The 2011 Milutin Milankovic Medal is awarded to Andrey Ganopolski for his pioneering contributions to the development of Earth system models of intermediate complexity and to the understanding of the role of climate system feedbacks and the link between Milankovich forcing and global glaciation.
Andrey Ganopolski was instrumental in developing the concept of a new class of modelling tools, now widely known as Earth system models of intermediate complexity (EMICs). He proposed the development of the CLIMBER model family (CLIMate-BiosphERe models) and was the principal designer of the model CLIMBER-2. The CLIMBER model is used in a number research groups in many countries worldwide.
Using the CLIMBER model, Andrey Ganopolski together with his collaborators performed many pioneering studies, such as the first simulations of the Last Glacial Maximum climate with a coupled climate system model, the first simulation of mid-Holocene climate. In a series of papers Andrey Ganopolski was lead author in developing a theory of abrupt glacial climate changes (Dansgaard-Oeschger and Heinrich events) that is now widely recognized. Andrey Ganopolski also known for his seminal work in constraining the climate sensitivity with paleoclimatic data, using a large ensemble of glacial climate simulations, and his modelling of the long-term Atlantic thermohaline response to anthropogenic climate change.

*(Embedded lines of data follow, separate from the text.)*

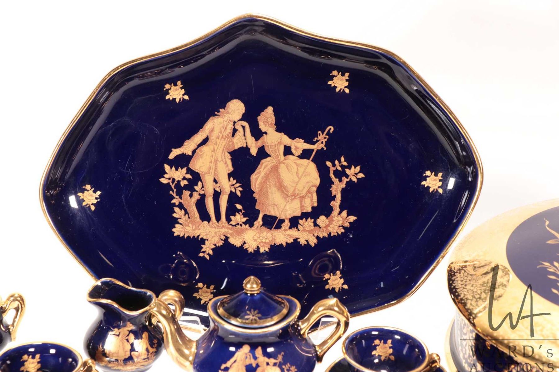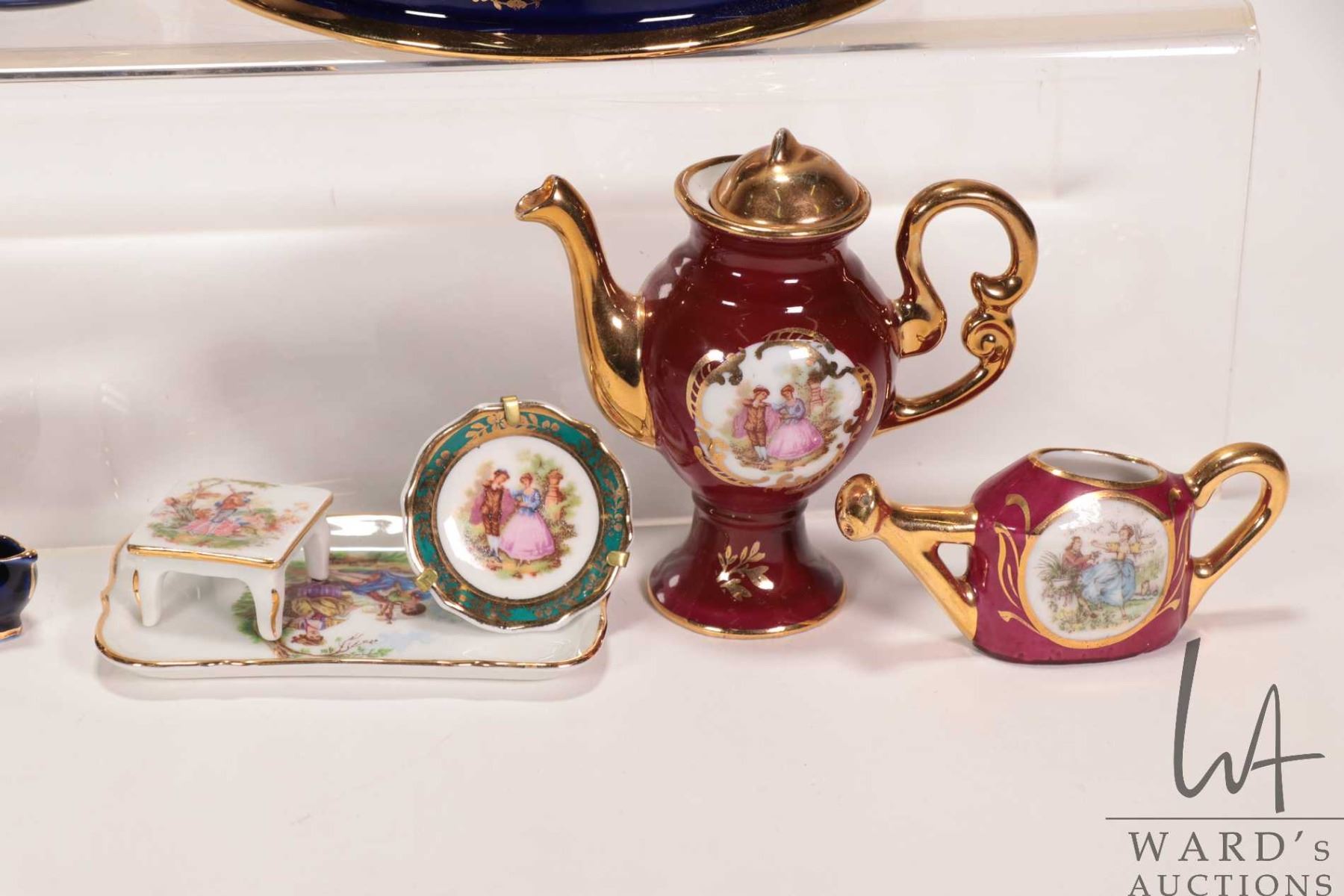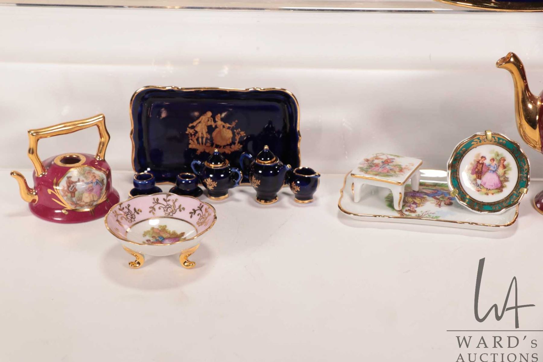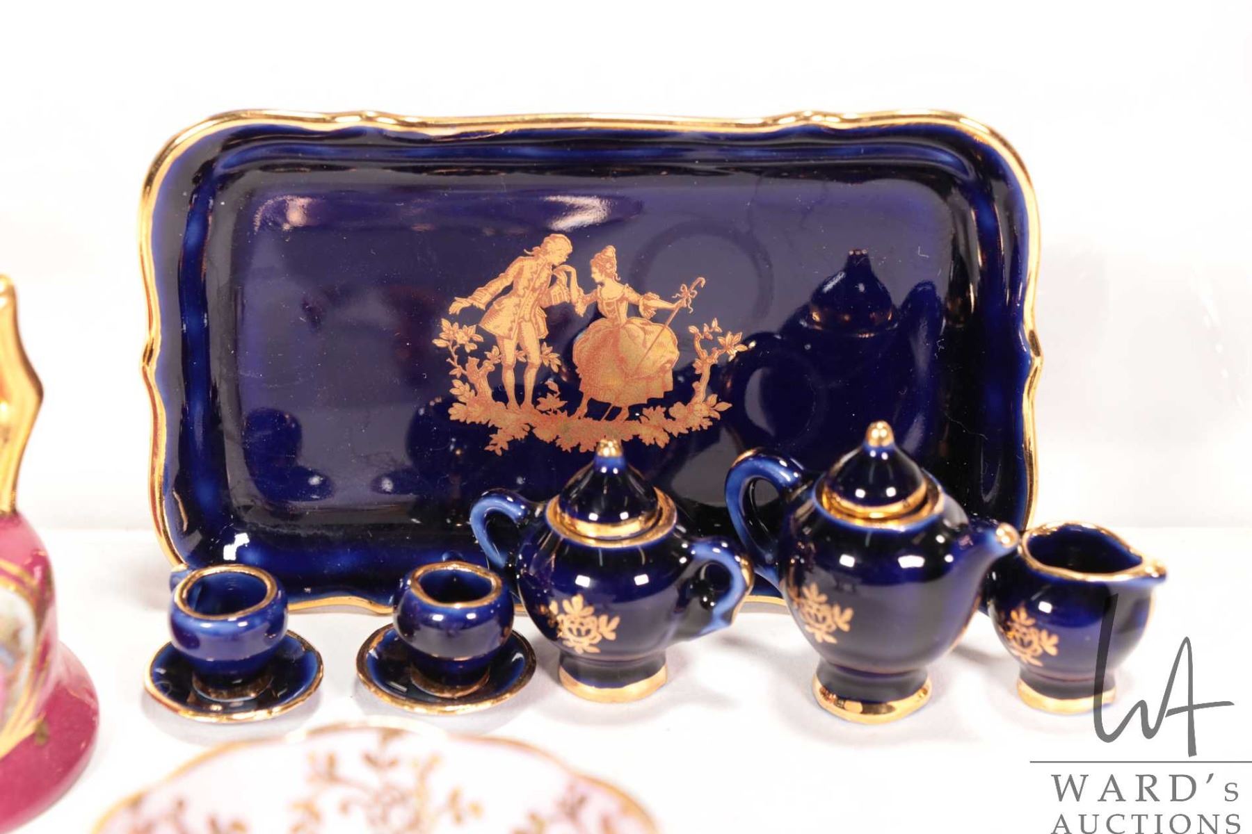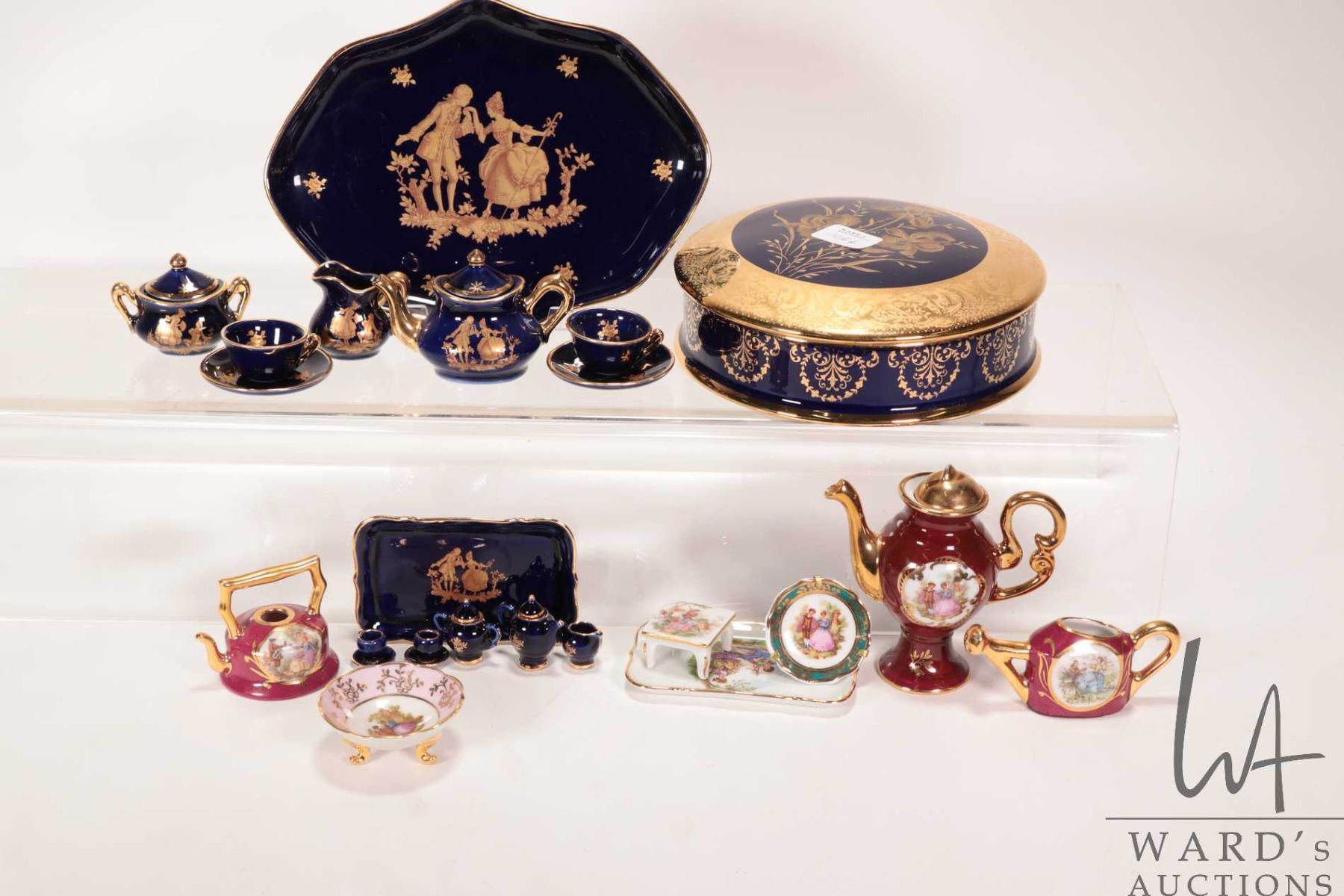 Tray lot of Limoges china including lidded trinket box, doll's tea sets, miniatures etc.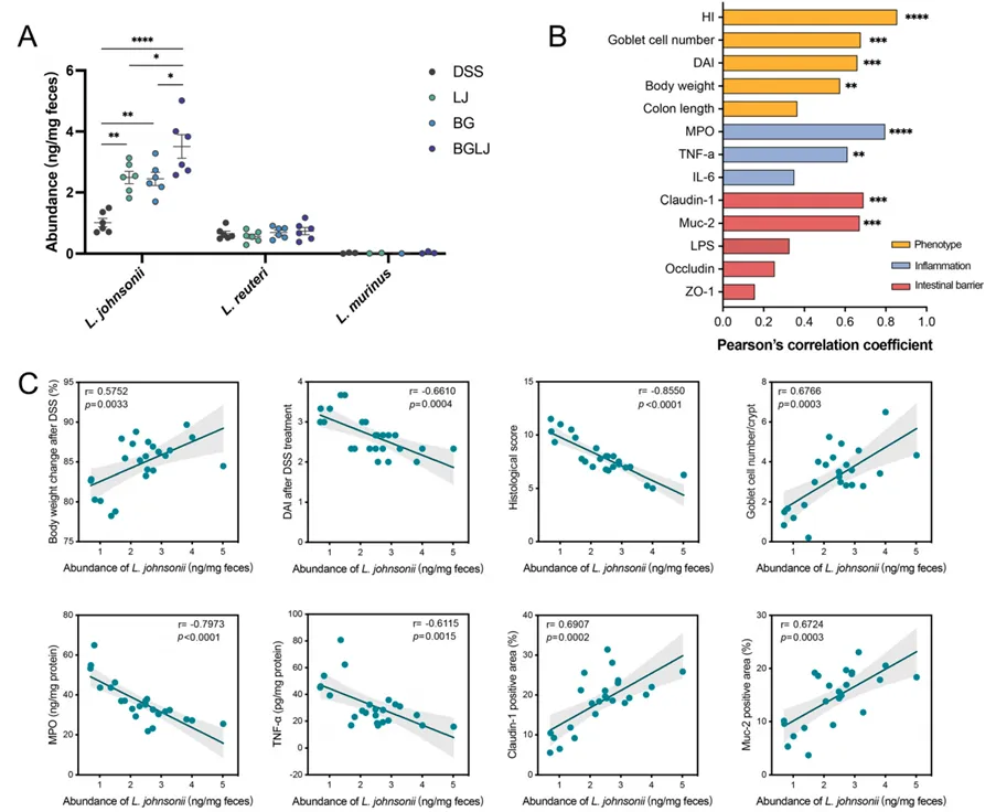 BGLJ合生元增加约氏乳杆菌丰度及其与结肠炎改善的相关性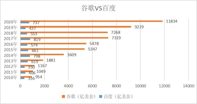 另外在亚马逊创始人贝佐斯旗下还有家非常知名的太空探索公司——蓝色起源,就是前不久新闻里大热的,完成其首次商业载人航空的那家。这家公司创办于2000年,贝佐斯一直在投入,其资金主要来源于贝佐斯不定期出售其名下亚马逊的股票。 小结3 阿里是互联网企业中走出国门走向全球化做的最好的企业。电商业务而言,亚马逊与阿里各自海外用户数能做到旗鼓相当,算上本土用户阿里的总用户数可能甚至超过亚马逊。但亚马逊的总营收能达到阿里的3倍,主要还是缘于欧美更高的购买价格。做海外电商的都知道,一件商品在国内,售卖到国外换算成人民币至少是3倍以上,有些小商品甚至要高达10倍以上。 曾经阿里的市值一度超越亚马逊,但如今市值已经只占后者3成左右。还有个重要原因是阿里主营核心电商业务,面临的激烈竞争远甚于亚马逊有关,如京东、拼多多都是强大的竞争对手。亚马逊的研发投入费用是阿里的5倍左右。 总结 以上三组的对比可以发现,过去10年美国的互联网巨头型企业的市值与营收,总体上将中国同行的差距拉的更大,尤其是百度最为明显。美国不仅基础更大更强,速度增长却更快,资本也更为雄厚,投入的研发资金规模普遍数倍于中国同行。 如果市值、营收及研发产出比可能受到“估值偏见”和汇率的影响,那么服务用户的规模则是不折不扣的硬指标,在这项上我们仍然是被拉开极大的差距,谷歌(Alphabet)集团服务的整体用户规模超过30亿,仅facebook月度活跃用户就达28亿,超过中国总人口,还在以两位数比例增长。 在上一个环节,对比中国美国互联网整体的发展情况,某些指标上如中美互联网人口增速及渗透率上,中国有一定优势或者追赶势头很猛,但如果把美国这些互联网头部企业,卷入的全球非美国人口也算进来,我们就被拉的差距更大。 由于中国互联网处于后发国家的地位以及意识形态的不利处境,我们国家有意识的在某些领域竖立了藩篱,这在一定程度上保护和壮大我们的互联网企业,例如百度搜索和腾讯社交网络,基本上没有遭遇国外同行的冲击。但事实的结果是,这些被保护起来的互联网巨头,却丧失了走出国门的雄心。 百度和腾讯在各自核心领域的全球化上几乎毫无成绩可言,这与美国互联网企业全球攻城略地形成鲜明反差。有人说是语言问题导致,但阿里这块是做的不差,同时美国互联网企业在各个国家和地区的发展也同样是以当地语言展开的,所以说语言其实并不是最大障碍,最好的例子是字节跳动旗下的Tiktok(抖音海外版)。 中国互联网界一直流传着一个疑问,如果放谷歌进入大陆市场,百度还能赢吗?这个问题,我觉得可以从一个侧面来回答,只需看谷歌浏览器在现今中国浏览器中的比值就知道了。百度搜索如今做的有多差,我在本文搜集国内信息时候体会最深,同样国内信息,谷歌搜索呈现的体验要好的多。 中国互联网头部企业要走出国门,在竞争中提升自己壮大自己,已经显得尤为迫切。走出国门获得成功,不仅是在全球化中获取利润,对于改善和构筑我们国家的优势也作用甚大。前文,所述中央财经工作会议指出“从构筑国家竞争新优势的战略高度出发”,相信已经看到这个问题。政府下一步是不是会鼓励互联网企业积极出海,让我们拭目以待。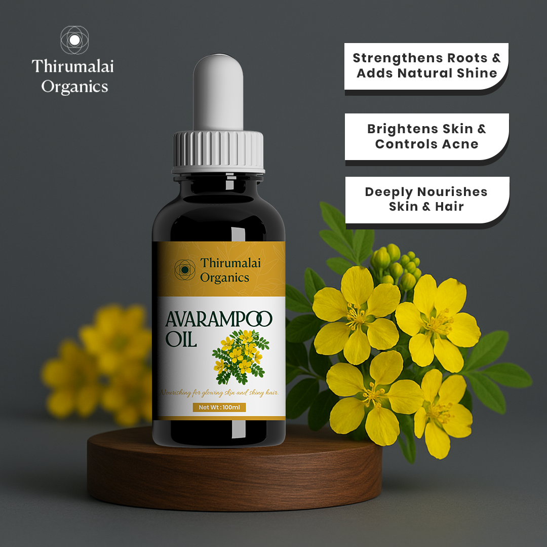 Crafted from freshly dried and finely powdered Avarampoo flowers, this oil delivers deep nourishment to the scalp, strengthens hair roots, and helps control hair fall while adding a soft, natural shine.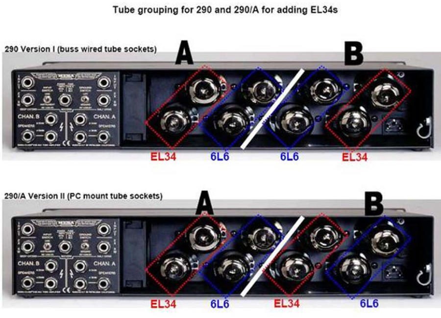 If you decide to run and integrated set of tubes then you need to know which 290 you have. The older 290’s have a blue pilot light and the fuse located directly above the pilot light. If your 290 is a newer model it will have a red pilot light and the fuse is (conveniently) located on the back of the amp. Below are a couple pic’s of how the tube sets are orientated for series I and series II amps.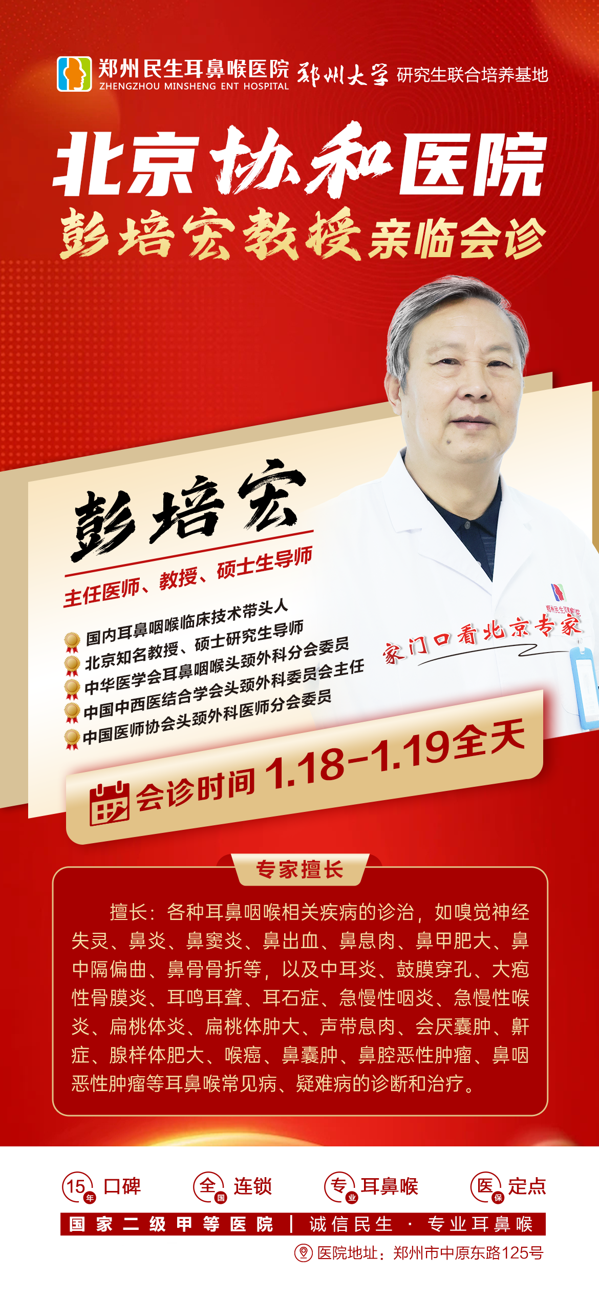 【寒假看北京专家】北京协和医院耳鼻喉专家彭培宏教授1月18-19日来院会诊,预约从速!
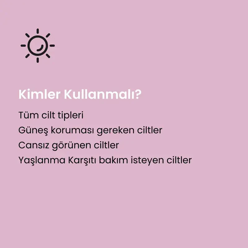 Güneşe bağlı oluşabilecek cilt lekelerine karşı koruma sağlamaya yardımcı olur. Cildi UVA ve UVB ışınlarına karşı korurken, nemlendirici ve aydınlatıcı etkisiyle bakım yapar.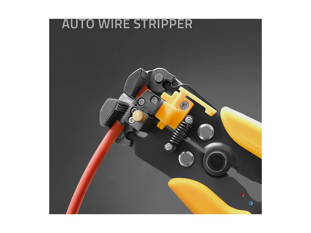 Automatický odstraňovač izolace je velmi praktický nástroj určený k odstraňování izolace z jednožilových vodičů o průměru 0,5 - 6 mm² (24-10 AWG) nebo vícežilových vodičů , automatické přizpůsobení průřezu kabelu. Má odrazovou pružinu, která výrazně odlehčí ruku a usnadňuje práci. Základními funkcemi tohoto nástroje jsou odizolování, krimpování konců drátů a přesné stříhání .
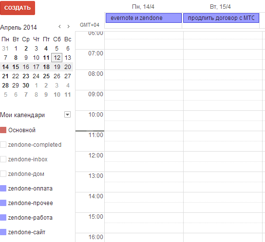 Для каждой «зоны ответственности» Zendone создаёт свой блокнот в Google Calendar. Если у задачи есть дедлайн, то она автоматически отобразится в вашем календаре.

Furthermore, Andrey Ganopolski provided an important contributions to understanding Milankovich cycles. This includes a conceptual model that is able to explain the link between Milankovich forcing and global glaciations, an explanation of the lag of CO2 behind Antarctic temperature during glacial cycles, the mechanism of the glacial CO2 drawdown and the first coupled climate-ice sheet model simulation of the past glacial cycle, and the past eight glacial cycles.
In summary, Andrey Ganopolski has made pioneering contributions both to climate system model development and to the understanding of the climate system. Thanks to his work we know more about the role of different climate feedbacks in past and future climate change, the non-linear aspects of the Earth system, the stability properties of the Atlantic thermohaline circulation and the mechanisms of abrupt glacial climate changes and of the glacial cycles.